» Task statement: Give again, word for word, each line of the data from the first through the one containing "함께 먹은 메뉴는 된장찌개, 계란찜, 물냉면입니다.". Pictures stay out.

» Information supplied:
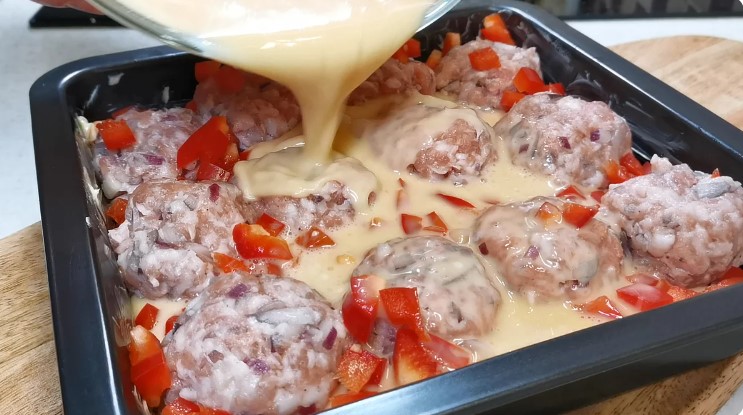 Далі просто залити її в форму з хлібом і фрикадельками.
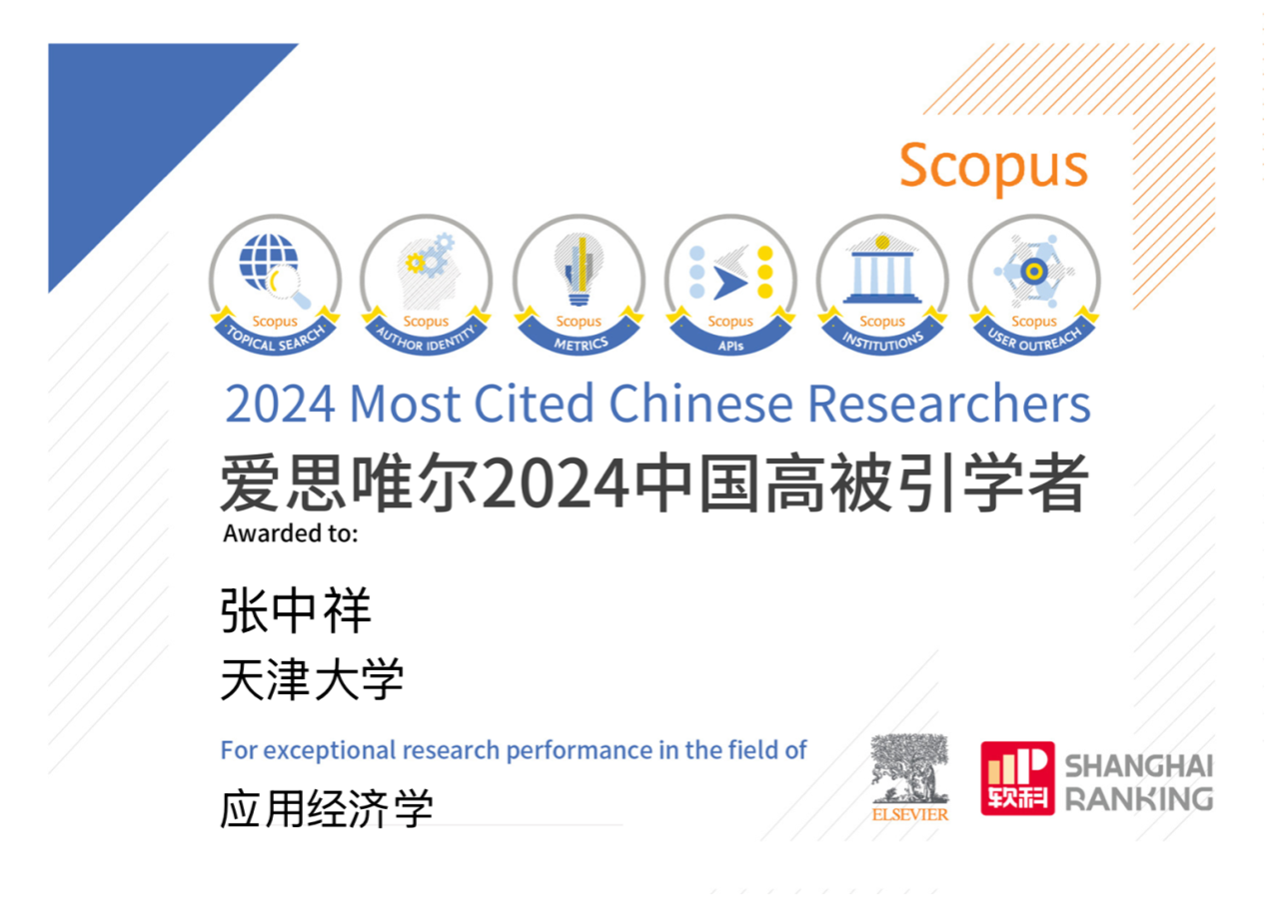 2025年3月25日,爱思唯尔(Elsevier)发布了2024度“中国高被引学者”(Highly Cited Chinese Researchers)榜单。马寅初经济学院创院院长张中祥入选应用经济学科“中国高被引学者”榜单,这是自该榜单发布以来张中祥连续11年入选经管领域“中国高被引学者”榜单,其中8次入选经济学科榜单,3次入选管理科学与工程学科榜单。
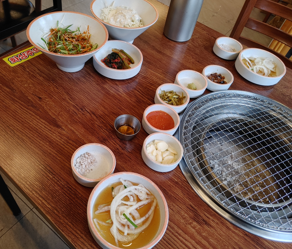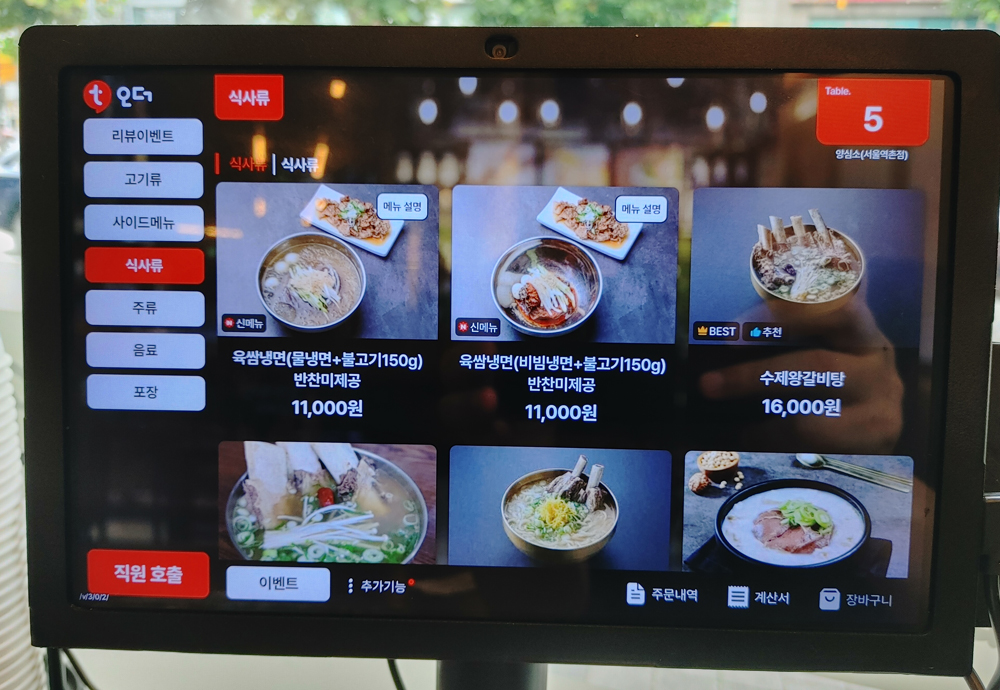 함께 먹은 메뉴는 된장찌개, 계란찜, 물냉면입니다.
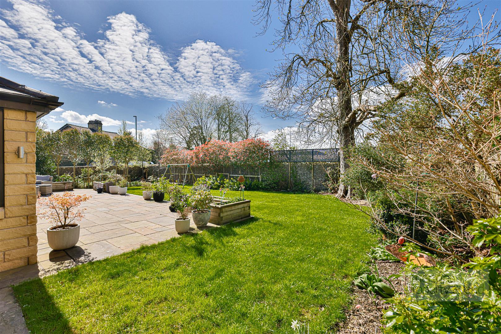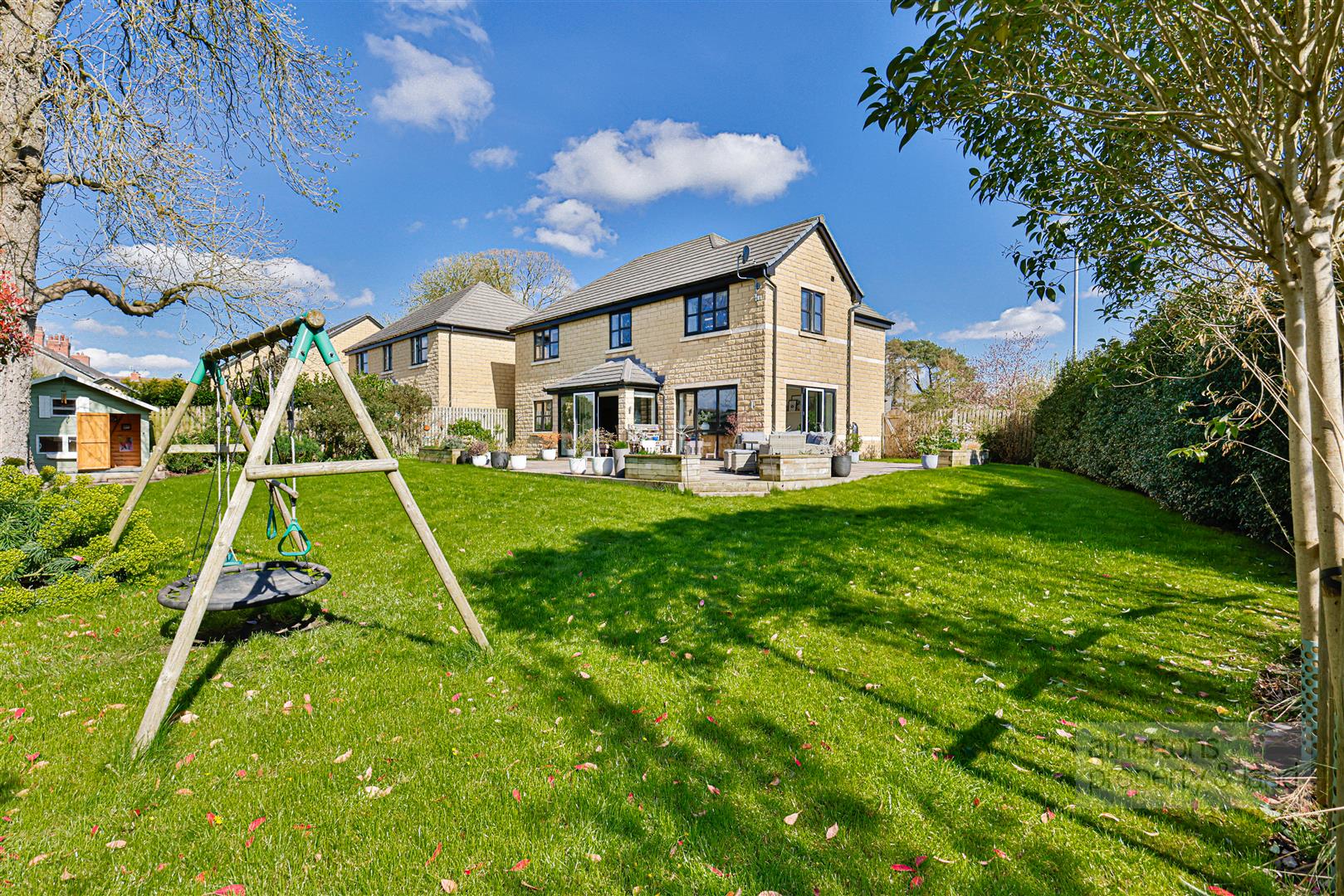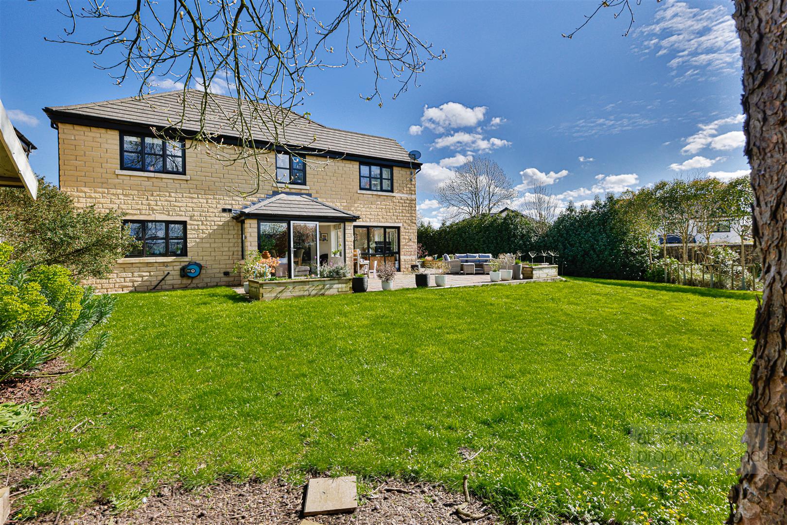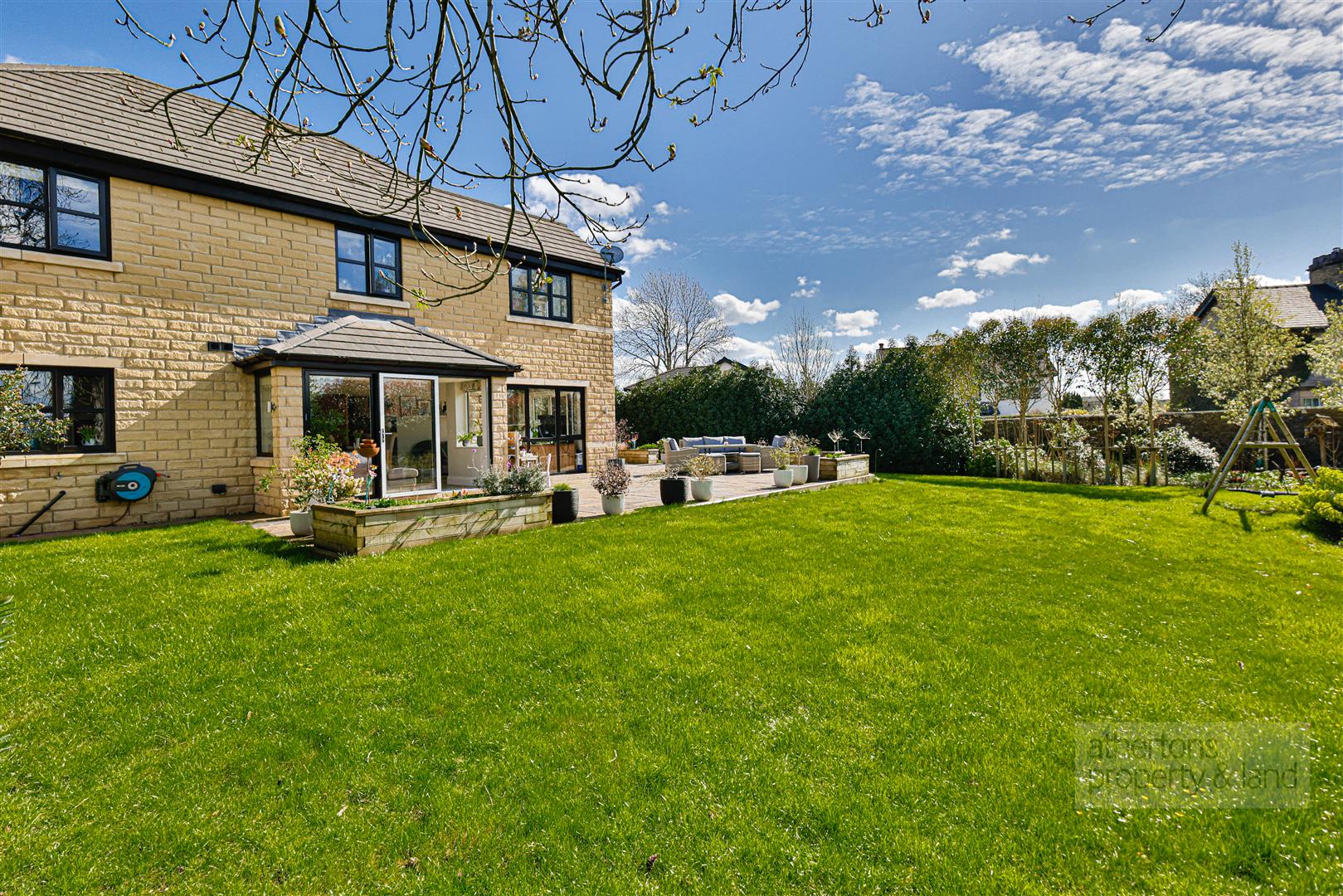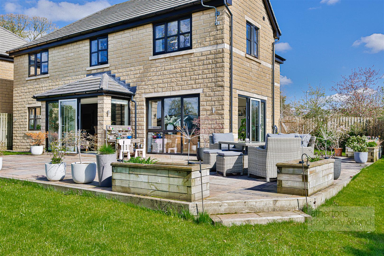 The first of seven luxury homes on a select cul-de-sac adjoining St Paul’s Church. A tarmacadam drive taking five to six cars when required, leads to an integral double garage with an up-and-over door, the boiler and hot water cylinder are located in here. The front garden is lawned behind a stone perimeter wall with a variety of young trees including an oak, cherry blossom and apple blossom. The hedging includes beech and hawthorn. Basking in the warmth and light of a spring or summer sun, the south – south/westerly orientation of the side and rear gardens are a genuine delight. With a wraparound flagged patio accessible from both sets of bifold doors. Contained within stone walls on its south and western boundaries, the lawn is near level and together with a magnificent mature sycamore, you’ll see extensive tree planting which effectively screen the garden. The low border planting is also quite beautiful and combine together to create a wonderfully balanced garden for the whole family to enjoy.

» Solution for this problem:
 Далі просто залити її в форму з хлібом і фрикадельками.
 2025年3月25日,爱思唯尔(Elsevier)发布了2024度“中国高被引学者”(Highly Cited Chinese Researchers)榜单。马寅初经济学院创院院长张中祥入选应用经济学科“中国高被引学者”榜单,这是自该榜单发布以来张中祥连续11年入选经管领域“中国高被引学者”榜单,其中8次入选经济学科榜单,3次入选管理科学与工程学科榜单。
 함께 먹은 메뉴는 된장찌개, 계란찜, 물냉면입니다.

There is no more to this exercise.